4.  Not having an employee handbook.  An employee handbook is an important tool for effective employer-employee relations.  It notifies employees of the company's values, policies, and procedures; promotes compliance with labor and employment laws; and helps create an orderly, efficient, and transparent workplace.

5.  Not documenting employee job performance.  A well-managed company clearly communicates its employees' duties and responsibilities (e.g., through written position descriptions), trains and supervises employees to ensure they are meeting these requirements, and provides regular, objective, consistent feedback (e.g., through written evaluations and, where necessary, disciplinary actions).  A lack of accurate, complete, contemporaneous documentation can lead to liability in the event of a lawsuit by an employee.

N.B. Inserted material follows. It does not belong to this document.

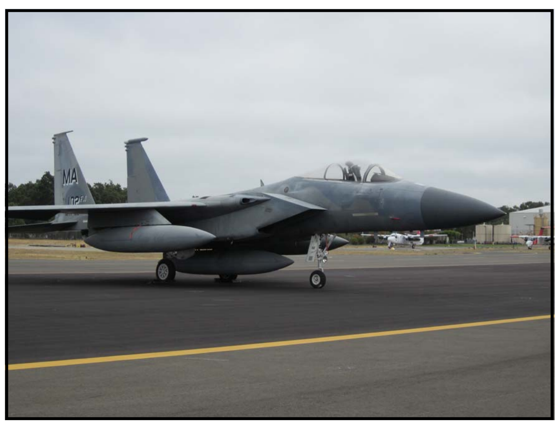
Remembering 9/11—- Words are not necessary—- Never Forget!

To promote the acquisition, restoration, safe operation and display of historical aircraft, preserve aviation history and provide an educational venue for the community
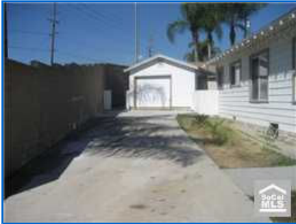
Driveway and garage

6.  Not training supervisors regarding EEO laws.  Federal, state, and local equal employment opportunity (EEO) laws prohibit businesses from taking adverse actions against employees (e.g., demotion, termination) for reasons not related to an employee's job performance, including based on an employee's race, color, sex, age, disability, religion, national origin, sexual orientation, and marital status (to name the most common "protected characteristics"), as well as in retaliation for an employee's good faith complaints of discrimination.  It is imperative that supervisors be trained on how to manage employees without violating (or appearing to violate) these laws.

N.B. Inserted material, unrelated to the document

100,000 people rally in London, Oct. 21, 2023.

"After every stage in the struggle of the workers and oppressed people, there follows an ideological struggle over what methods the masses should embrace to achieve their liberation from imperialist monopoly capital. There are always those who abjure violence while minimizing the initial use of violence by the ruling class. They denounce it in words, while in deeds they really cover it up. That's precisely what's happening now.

7.  Not providing reasonable accommodations for disabled employees.  Most EEO laws prohibit businesses from taking adverse actions against employees based on certain protected characteristics, but disability discrimination laws also impose an affirmative obligation on businesses to "reasonably accommodate" disabled employees so as to enable them to perform the essential functions of their jobs.  Such accommodations may include restructuring job duties, modifying work schedules, or providing assistive devices.  Businesses are required to provide a disabled employee with needed accommodations unless doing so would cause an "undue hardship" to the company (e.g., too expensive, too disruptive). 

8.  Not obtaining releases from terminated employees.  When terminating an employee, businesses should try to obtain a release that waives the employee's potential legal claims against the company.  The best way to obtain a release is in exchange for an offer of severance (where appropriate).  In general, businesses are not required to pay severance to employees (unless required by an employment contract or a collective bargaining agreement).  If they decide to do so (e.g., in connection with layoffs), they should require employees to sign a release in exchange for the payment.

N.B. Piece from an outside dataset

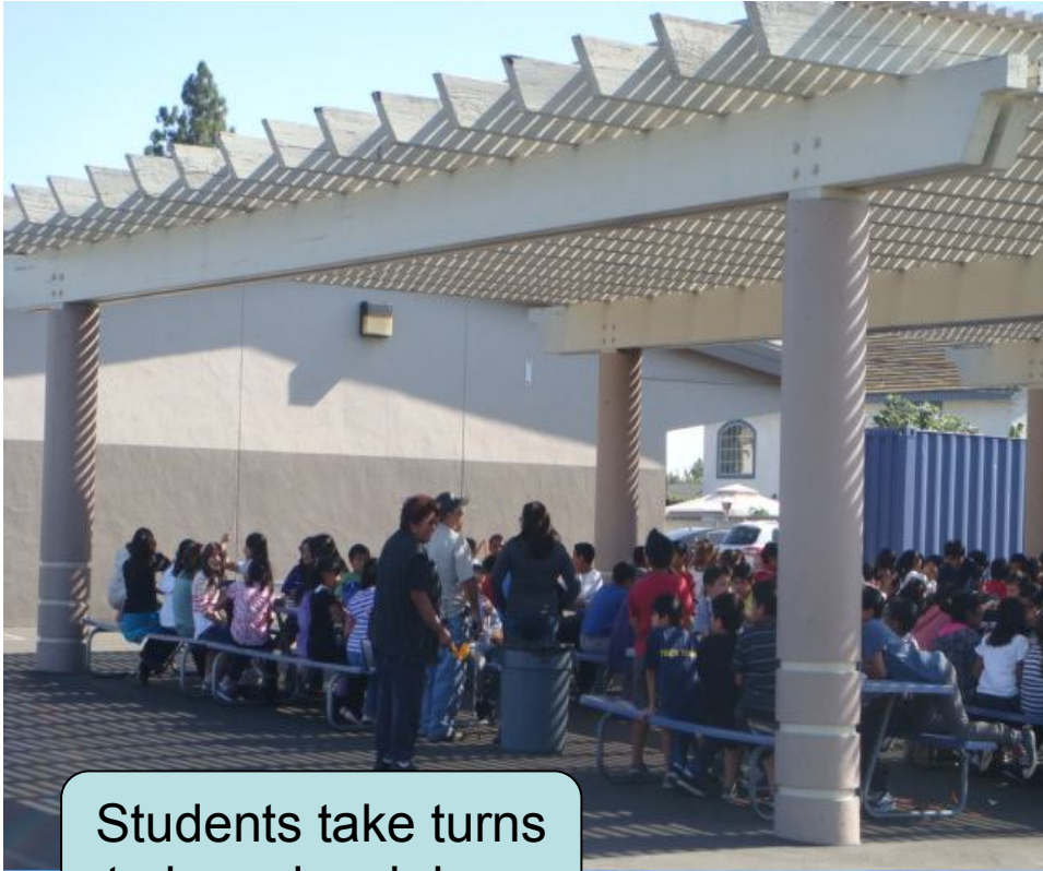
Students take turns to have lunch here

9.  Not protecting confidential business information.  Every company depends on certain vital, often confidential, information about its business operations, including trade secrets, sales and marketing practices, and customer and client lists.  Access to this information should be limited to employees with a "need to know" and should be protected by appropriate nondisclosure, noncompete, and/or nonsolicitation agreements (depending on the nature of the information and the employee's position).

10.  Not consulting a qualified employment law attorney.  Perhaps the single most important point to take away from this discussion is that businesses need to consult a qualified employment lawyer to ensure they are in compliance with the increasingly numerous and complex laws that carpet the workplace like a minefield.  Large companies usually have attorneys and human resources professionals on staff to assist them in this area.  Small- and medium-size companies often do not.  Their biggest mistake is trying to navigate this minefield on their own.